Would you retype the whole listing exactly, leaving its pictures out?

- Information shown:
════
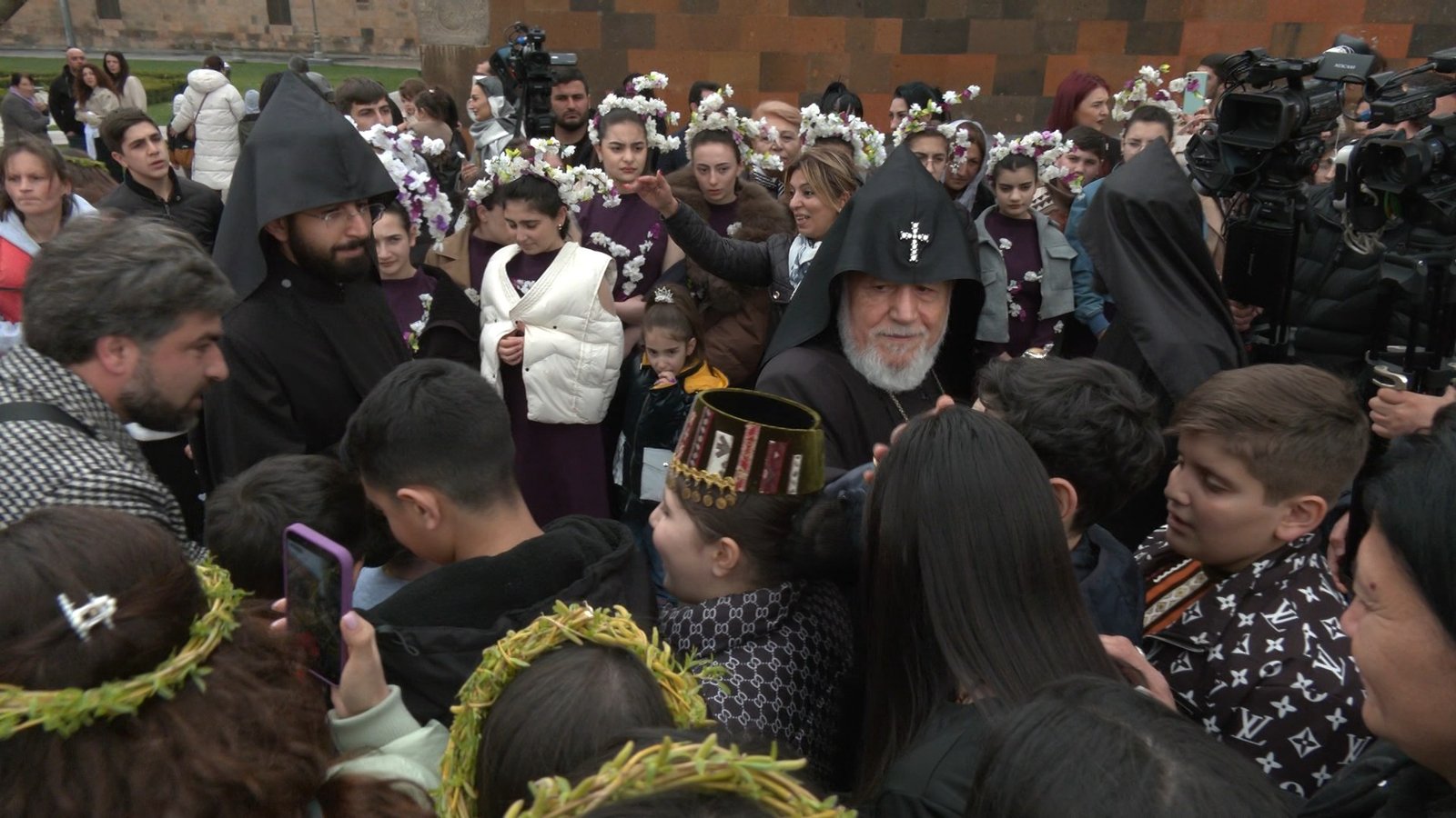 With the blessing of His Holiness Karekin II, Catholicos of All Armenians, the feast of Palm Sunday has been declared a day of blessing of children. After the morning service in the Mother See, the ceremony of the Andastan and the order of blessing of children took place under the presiding authority of the Armenian Patriarch. His Holiness Karekin II, Catholicos of All Armenians, conveyed his blessing to the children, after which the willow branches blessed during the Andastan were distributed to the faithful. His Holiness presented the children with crosses. The Holy and Immortal Liturgy was served under the presiding authority of the Catholicos of All Armenians.
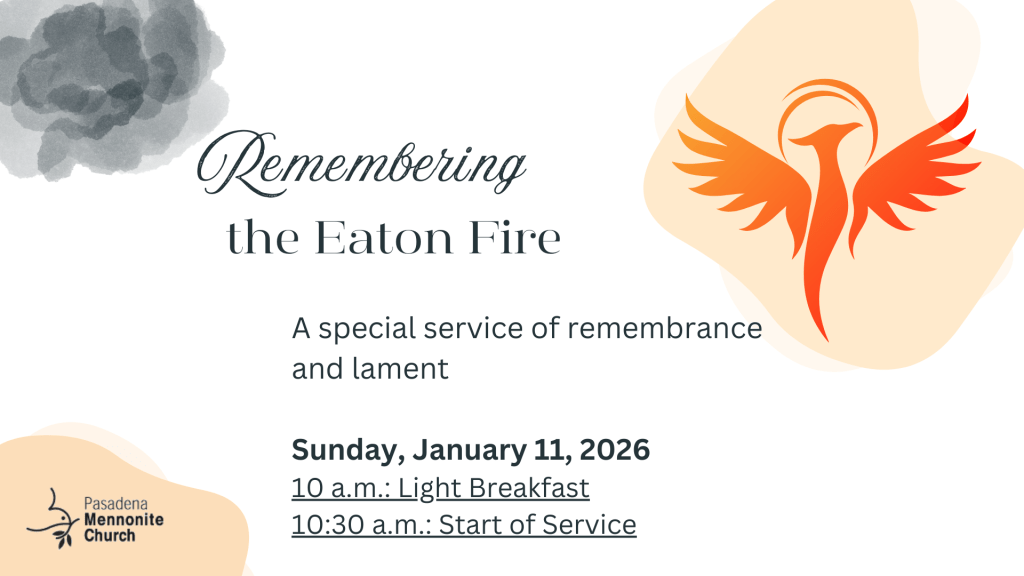 For Sunday Zoom link info, email: office@PasadenaMennonite.org (by Friday).
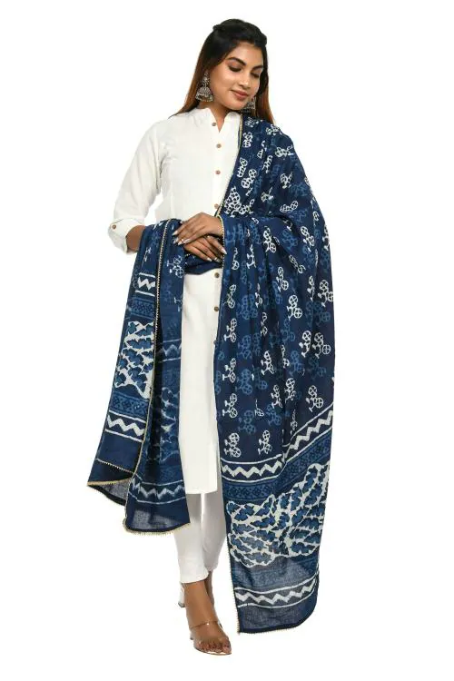 RAMESHWARI CREATIONS Women Blue Self Design Cotton Dupatta
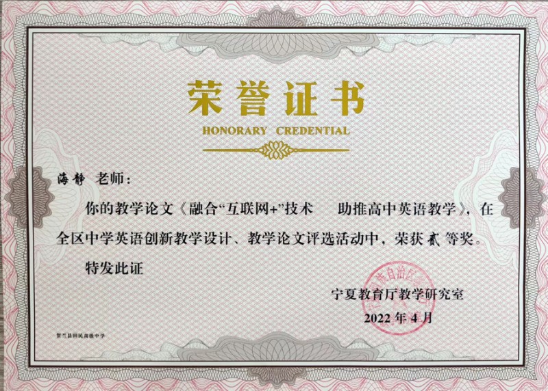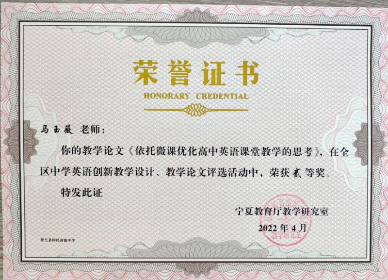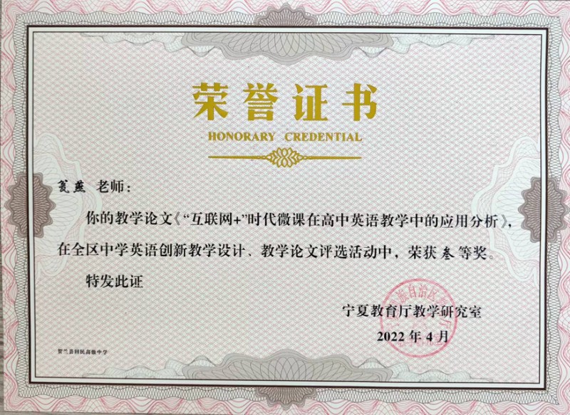 发布时间:2022-09-17 10:53 栏目:教师荣誉 发布单位:贺兰县第二高级中学 点击量:4700 【公开】
════
- Your response:
 With the blessing of His Holiness Karekin II, Catholicos of All Armenians, the feast of Palm Sunday has been declared a day of blessing of children. After the morning service in the Mother See, the ceremony of the Andastan and the order of blessing of children took place under the presiding authority of the Armenian Patriarch. His Holiness Karekin II, Catholicos of All Armenians, conveyed his blessing to the children, after which the willow branches blessed during the Andastan were distributed to the faithful. His Holiness presented the children with crosses. The Holy and Immortal Liturgy was served under the presiding authority of the Catholicos of All Armenians.
 For Sunday Zoom link info, email: office@PasadenaMennonite.org (by Friday).
 RAMESHWARI CREATIONS Women Blue Self Design Cotton Dupatta
 发布时间:2022-09-17 10:53 栏目:教师荣誉 发布单位:贺兰县第二高级中学 点击量:4700 【公开】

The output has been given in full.